Exercise details> Reproduce the entries exactly and omit the pictures.

Stored items:
════════════════

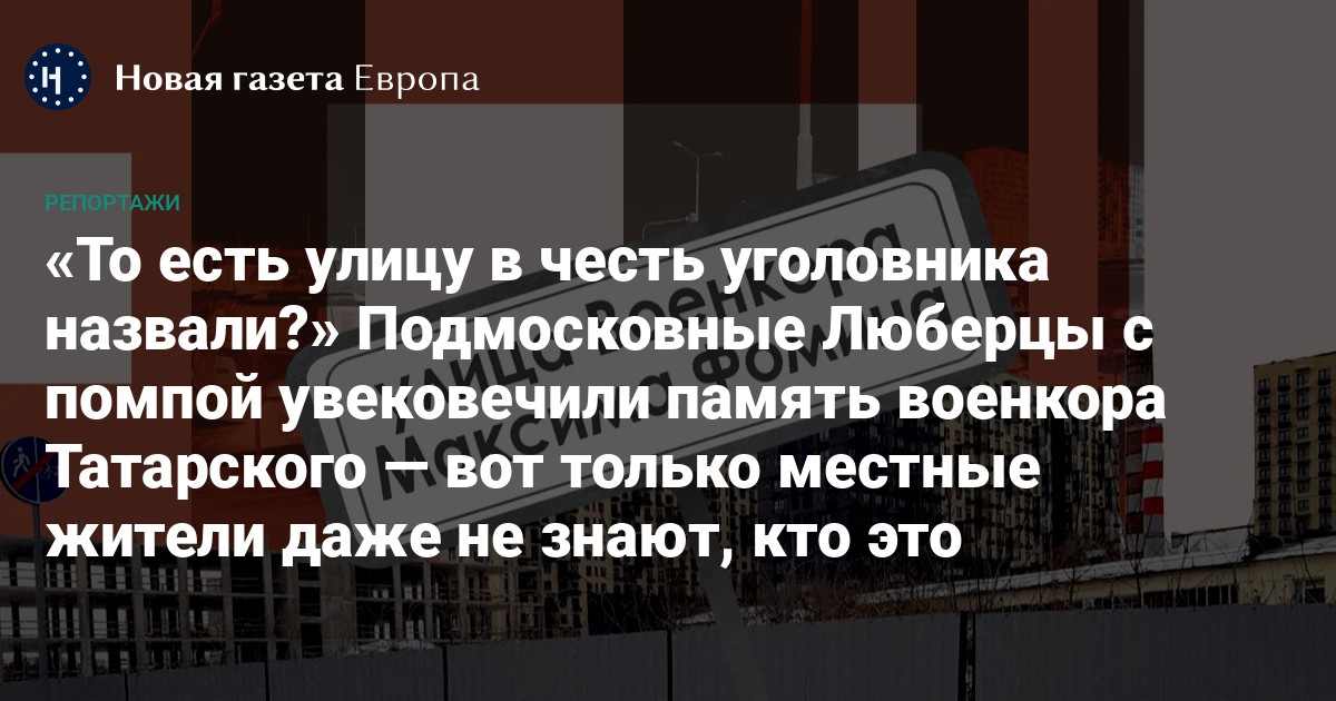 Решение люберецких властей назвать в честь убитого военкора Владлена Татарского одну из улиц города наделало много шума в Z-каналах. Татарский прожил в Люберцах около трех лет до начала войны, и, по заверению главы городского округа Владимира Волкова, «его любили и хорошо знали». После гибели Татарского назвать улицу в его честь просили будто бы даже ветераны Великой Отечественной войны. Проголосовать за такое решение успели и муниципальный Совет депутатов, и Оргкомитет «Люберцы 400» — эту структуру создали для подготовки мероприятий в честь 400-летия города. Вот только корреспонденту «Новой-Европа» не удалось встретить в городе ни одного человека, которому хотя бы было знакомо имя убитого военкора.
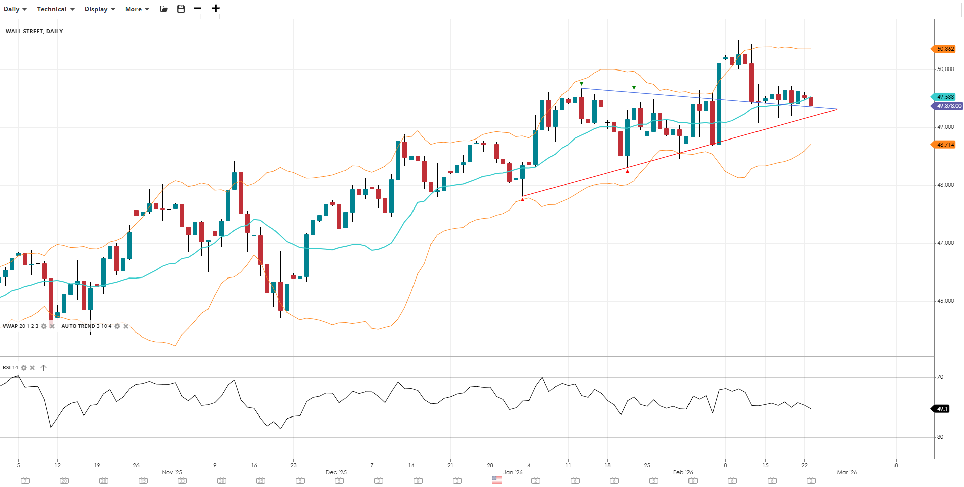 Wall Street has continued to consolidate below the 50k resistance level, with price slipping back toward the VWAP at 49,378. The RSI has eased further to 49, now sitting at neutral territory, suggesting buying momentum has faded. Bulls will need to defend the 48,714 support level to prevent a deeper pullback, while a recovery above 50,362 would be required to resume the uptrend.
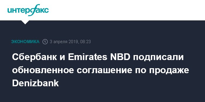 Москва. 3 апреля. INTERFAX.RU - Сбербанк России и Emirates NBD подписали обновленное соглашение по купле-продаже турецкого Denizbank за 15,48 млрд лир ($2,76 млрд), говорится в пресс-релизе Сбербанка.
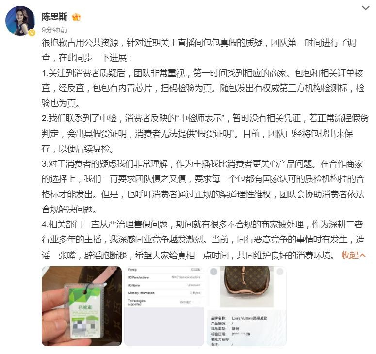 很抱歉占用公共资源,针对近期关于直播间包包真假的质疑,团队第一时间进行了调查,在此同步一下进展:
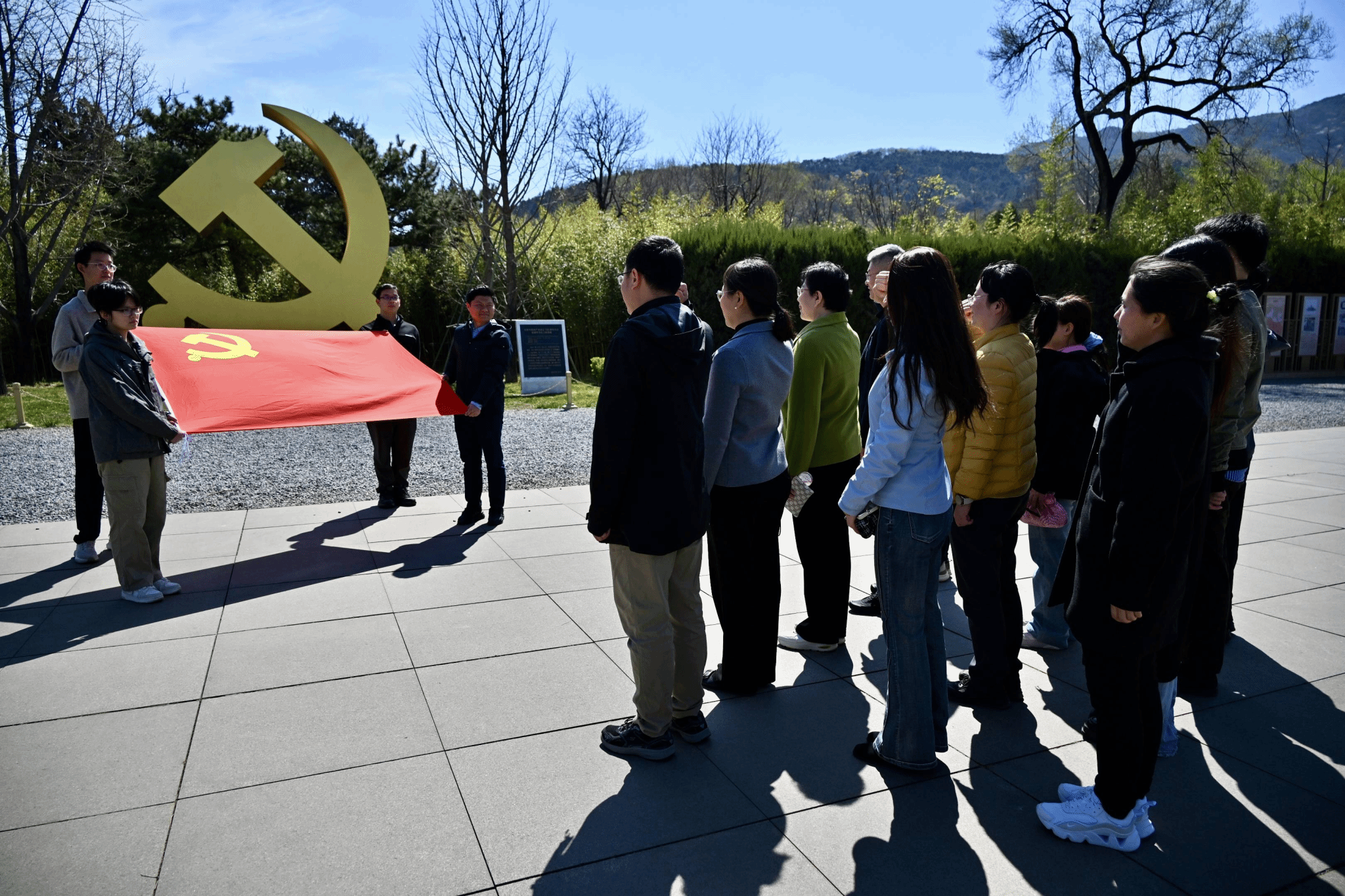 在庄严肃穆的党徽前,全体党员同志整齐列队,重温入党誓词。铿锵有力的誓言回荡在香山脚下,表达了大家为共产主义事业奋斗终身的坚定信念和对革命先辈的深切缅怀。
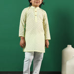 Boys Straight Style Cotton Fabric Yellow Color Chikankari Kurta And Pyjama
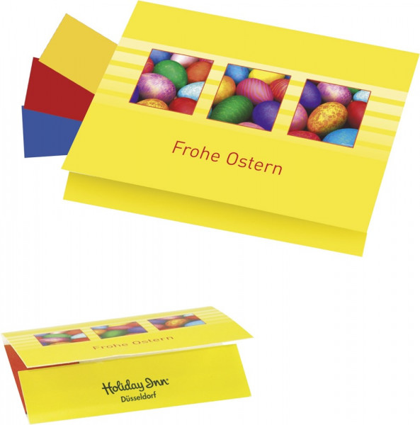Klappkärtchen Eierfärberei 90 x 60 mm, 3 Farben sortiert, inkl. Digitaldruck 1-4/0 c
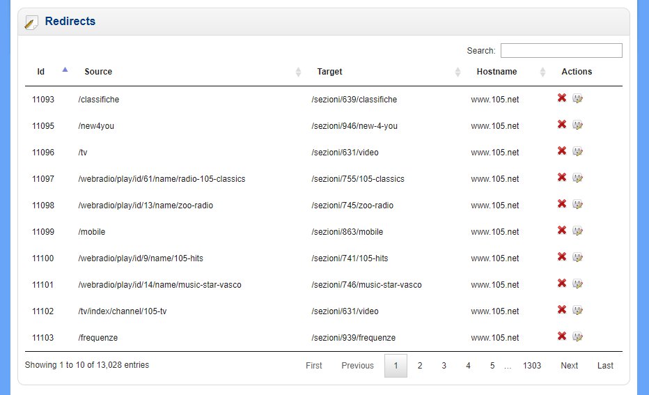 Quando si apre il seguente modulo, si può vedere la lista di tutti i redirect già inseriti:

════════════════

Reply>
 Решение люберецких властей назвать в честь убитого военкора Владлена Татарского одну из улиц города наделало много шума в Z-каналах. Татарский прожил в Люберцах около трех лет до начала войны, и, по заверению главы городского округа Владимира Волкова, «его любили и хорошо знали». После гибели Татарского назвать улицу в его честь просили будто бы даже ветераны Великой Отечественной войны. Проголосовать за такое решение успели и муниципальный Совет депутатов, и Оргкомитет «Люберцы 400» — эту структуру создали для подготовки мероприятий в честь 400-летия города. Вот только корреспонденту «Новой-Европа» не удалось встретить в городе ни одного человека, которому хотя бы было знакомо имя убитого военкора.
 Wall Street has continued to consolidate below the 50k resistance level, with price slipping back toward the VWAP at 49,378. The RSI has eased further to 49, now sitting at neutral territory, suggesting buying momentum has faded. Bulls will need to defend the 48,714 support level to prevent a deeper pullback, while a recovery above 50,362 would be required to resume the uptrend.
 Москва. 3 апреля. INTERFAX.RU - Сбербанк России и Emirates NBD подписали обновленное соглашение по купле-продаже турецкого Denizbank за 15,48 млрд лир ($2,76 млрд), говорится в пресс-релизе Сбербанка.
 很抱歉占用公共资源,针对近期关于直播间包包真假的质疑,团队第一时间进行了调查,在此同步一下进展:
 在庄严肃穆的党徽前,全体党员同志整齐列队,重温入党誓词。铿锵有力的誓言回荡在香山脚下,表达了大家为共产主义事业奋斗终身的坚定信念和对革命先辈的深切缅怀。
 Boys Straight Style Cotton Fabric Yellow Color Chikankari Kurta And Pyjama
Klappkärtchen Eierfärberei 90 x 60 mm, 3 Farben sortiert, inkl. Digitaldruck 1-4/0 c
 Quando si apre il seguente modulo, si può vedere la lista di tutti i redirect già inseriti:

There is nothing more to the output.